Land Grant Colleges and the Morrill Act, at 150 Years Old
Lawmakers and higher education officials this week are celebrating the 150th anniversary of the "Morrill Act", signed into law by President Abraham Lincoln in 1862 in the midst of the Civil War. Named after senator Justin Morrill of Vermont , it established the nation's system of land-grant universities, providing each state with federal land to be sold to fund public colleges. And it was controversial legislation. Senator Morrill envisioned a democratization of higher education at time when college was largely reserved for children of the elite. UMASS was established under the Morrill Act in in 1863. In Amherst, the site of the first campus, it was a one building agricultural school.
Steven Herbert who today heads UMASS Amherst's Center for Agriculture says the Morrill act remains relevant. "If the universities weren't established way back then based in agricultural and mechanical arts, then I don't think we would have the food system, the sophistication of American agriculture that with have with every state contributing a huge number of scientists to research and outreach."

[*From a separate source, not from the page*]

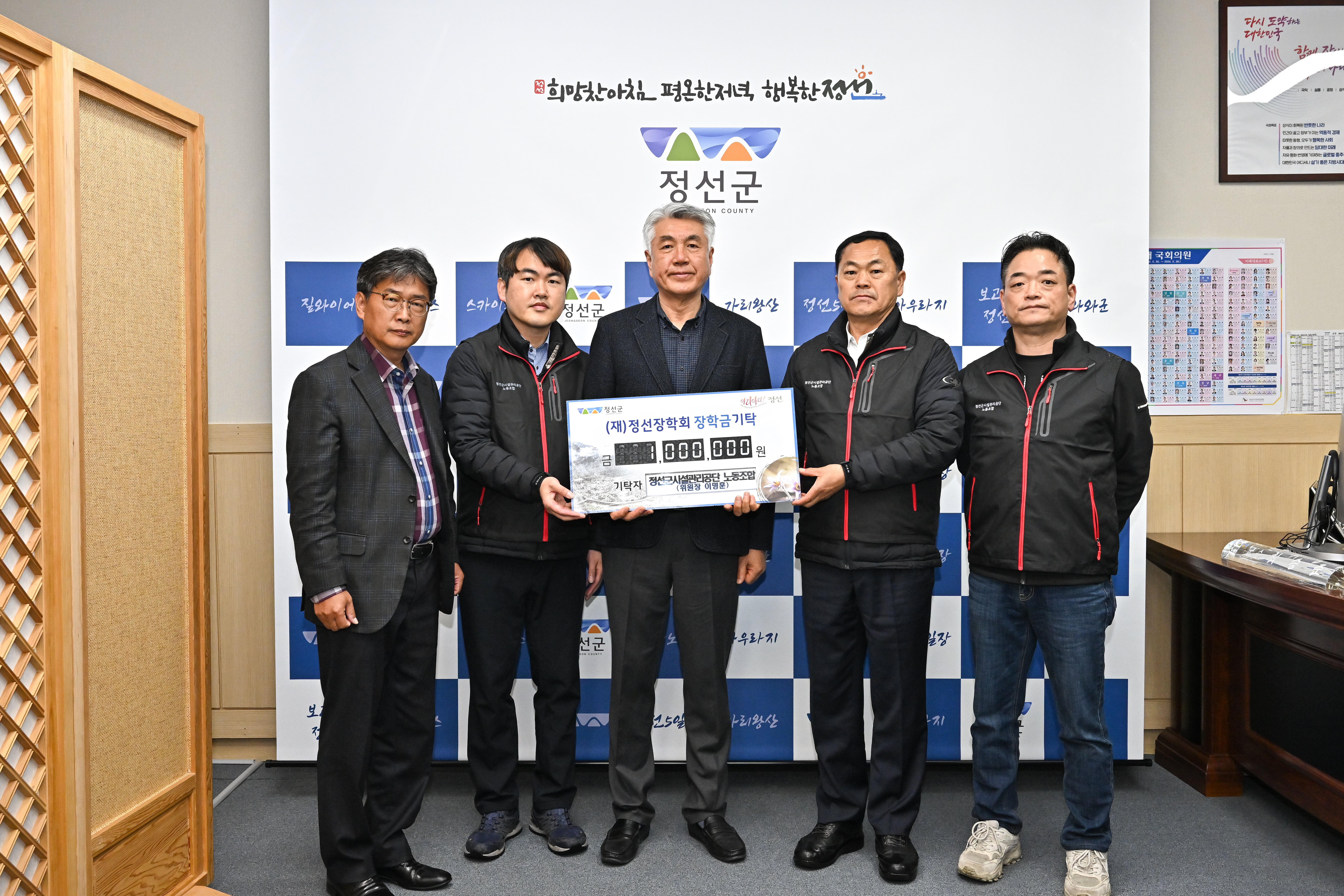 [강원사회복지신문 홍기한 기자]=정선군시설관리공단 노동조합(위원장 이명훈)은 지난 3월 23일 (재)정선장학회에 장학금 100만원을 기탁했다.

Herbert was in Washington for the commemoration of the Morrill Act. He says UMASS, UCONN, UNH and UVM -- and all land grant universities --- receive several million dollars a year in federal funds for academics and research. Currently, there are 106 land-grant universities in the U.S. Subsequent college-related legislation like the Morrill Acts of 1890 and 1994, established land-grant institutions that were historically geared to black and Native Americans.